Re: [Klatka] - Wasze klatki

Post autor: monisiaxp »

Chyba szynszylówka, 100x55x80 - w życiu jej nie oddam ale wyjdzie drożej w raz z osiatkowaniem niż za nową klatkę.
A tak bardzo bym chciała tam wewalić już ogony!

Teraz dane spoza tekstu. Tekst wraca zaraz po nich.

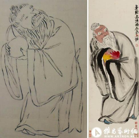 而认为嘉德拍卖的《松柏高立图》(以下称“嘉德本”)是以“乐曼雍本”为底本临摹作伪的,这种说法更加可笑。实际上在中国画中画家就同一题材、同一构图创作多幅相似作品的现象是很常见的。而在齐白石的作品中,这更是十分普遍的现象,因为齐白石是以卖画为生的职业画家,创作量比较大,有时对买家喜欢的题材也反复创作。在用心创出一幅自己认为出色的作品模板后,往往留下“粉本”,以备画此类画时就按此“粉本”来完成作品。齐白石就有以同种样稿,重复画出多张几乎一模一样的画,比如佛教题材《白衣大士图》就画了好几张重复的。其中有一张是画给四川军阀王瓉绪的;再比如《东方朔偷桃图》(见图片2)也画了多幅,每幅构图、用笔大同小异。北京画院就收藏了齐白石《钟馗搔痒图》墨笔草稿的“粉本”。齐白石就曾以此粉本创作过多幅《钟馗搔痒图》。所以,仅凭发现了另外一幅画面相近的作品,就判断其中一幅必定是假的,是缺乏对于中国书画基本常识的了解和表现。
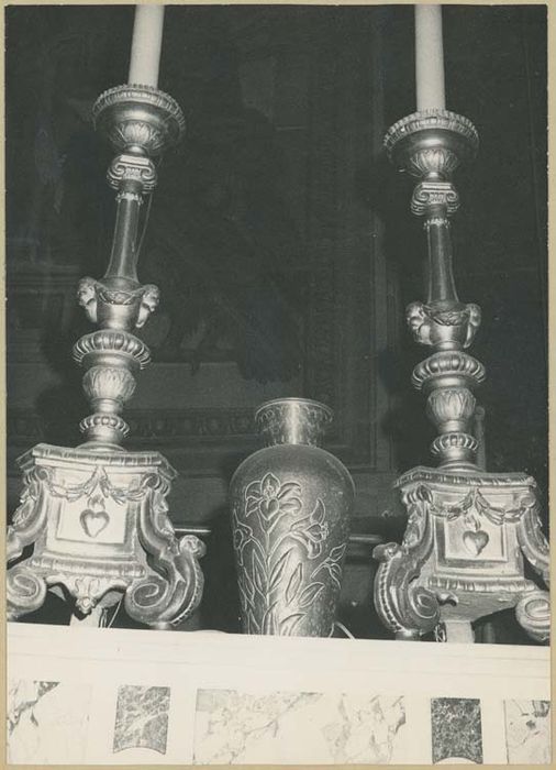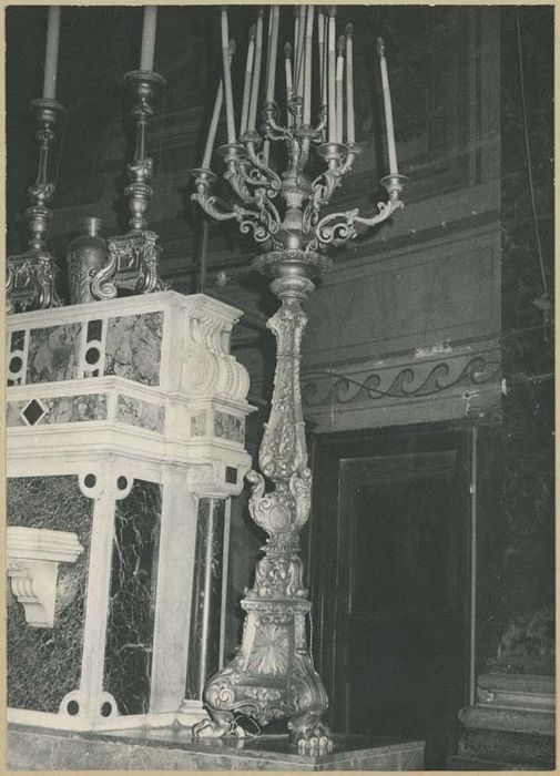 Arrêté : Maître-autel, flambeaux, croix, marbre et cuivre et bronze, 18e siècle et début 19e siècle.
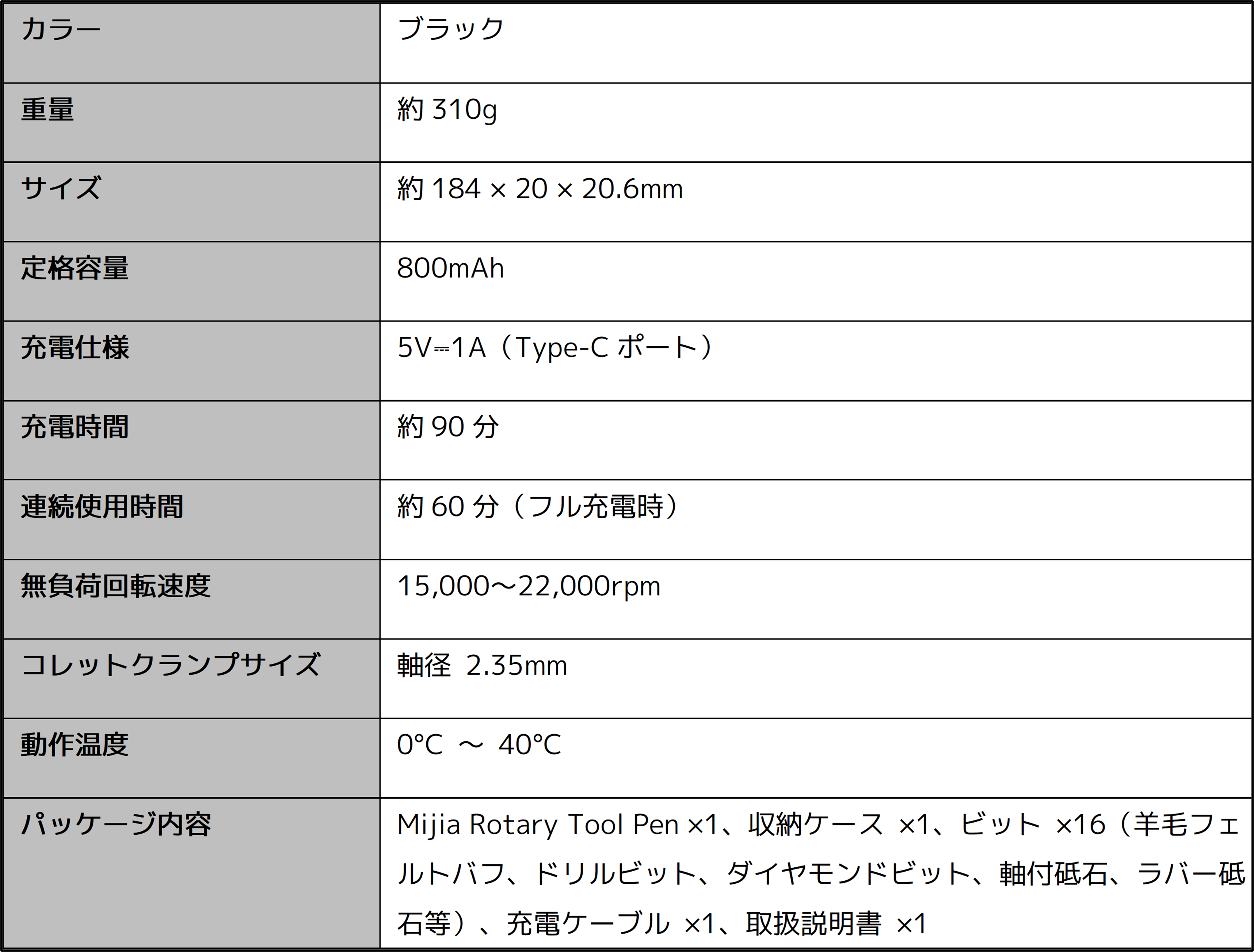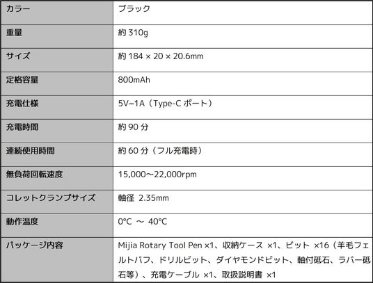 耐久性と安定性に優れた「ブラシレスコアレスモーター」を搭載し、最大22,000rpmの高速回転による精密なパフォーマンスを発揮します。電源ボタンと速度調整ノブのみのシンプル設計で、初心者でも直感的に操作可能。また、800mAhのバッテリーを内蔵し、フル充電で約60分間の連続使用ができるほか、電源に接続しながらの給電駆動にも対応しているため、長時間の創作活動も中断することなく楽しめます。
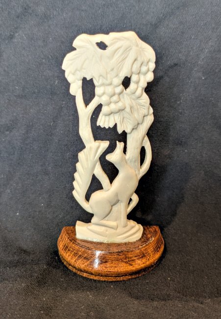 Ivory carved Fox and Grapes1970? Bas-relief of FG carved from bone. Albania. Modeli 8. Scene 3.5” high. Whole piece 4” high. Unknown source. Was this someone’s souvenir from some foreign travel? The cut marks on the back suggest that the material was chiseled rather than poured. The Albania label is surprising. The scene itself shows fine work, especially in dealing with the grapes, leaves, and vines. A quick search on the web reveals many similar carvings.

Na zdjęciach wychodzi mała, ale kot jest duży i spróbujcie porównać z nim albo schodkami.

Obrazek
Awatar użytkownika
Rozeta7
Posty: 94
Rejestracja: wt lut 07, 2012 7:47 pm
Lokalizacja: Ziębice

Re: [Klatka] - Wasze klatki

Post autor: Rozeta7 »

Ja kupowałam siatkę u tego sprzedawcy (dokładnie taką samą) http://allegro.pl/siatka-hodowlana-zgrz ... 76160.html nie wyszło mi to jakoś tragicznie drogo- trzeba porządnie sobie plan rozrysować żeby nie kupować nie wiadomo ile tej siatki ( kupiłam na króliczą 100- tke 3 metry siatki, a zostało mi jej jeszcze na osiatkowanie transportera, wybitego wielkiego okna w altanie i jeszcze mnóstwo skrawków twórczo wykorzystanych:) ). Jednak polecam Ci taką http://allegro.pl/siatka-hodowlana-zgrz ... 4784.html- większe oczka (szczur i tak nie przejdzie, a wgląd do klatki swobodniejszy będziesz mieć) no i odpada problem kaleczenia się przy każdym sprzątaniu, przesuwaniu itp, bo mimo że wszystkie ostre końce miałam niby poucinane to i tak zawsze się gdzieś podrapałam.
Iza: razem od 07.02.2012 [*] 02.05.2014 - tęsknię i rozpaczam
Nel: razem od 13.04.2012 [*] 9.09.2012
ODPOWIEDZ

Wróć do „Klatki”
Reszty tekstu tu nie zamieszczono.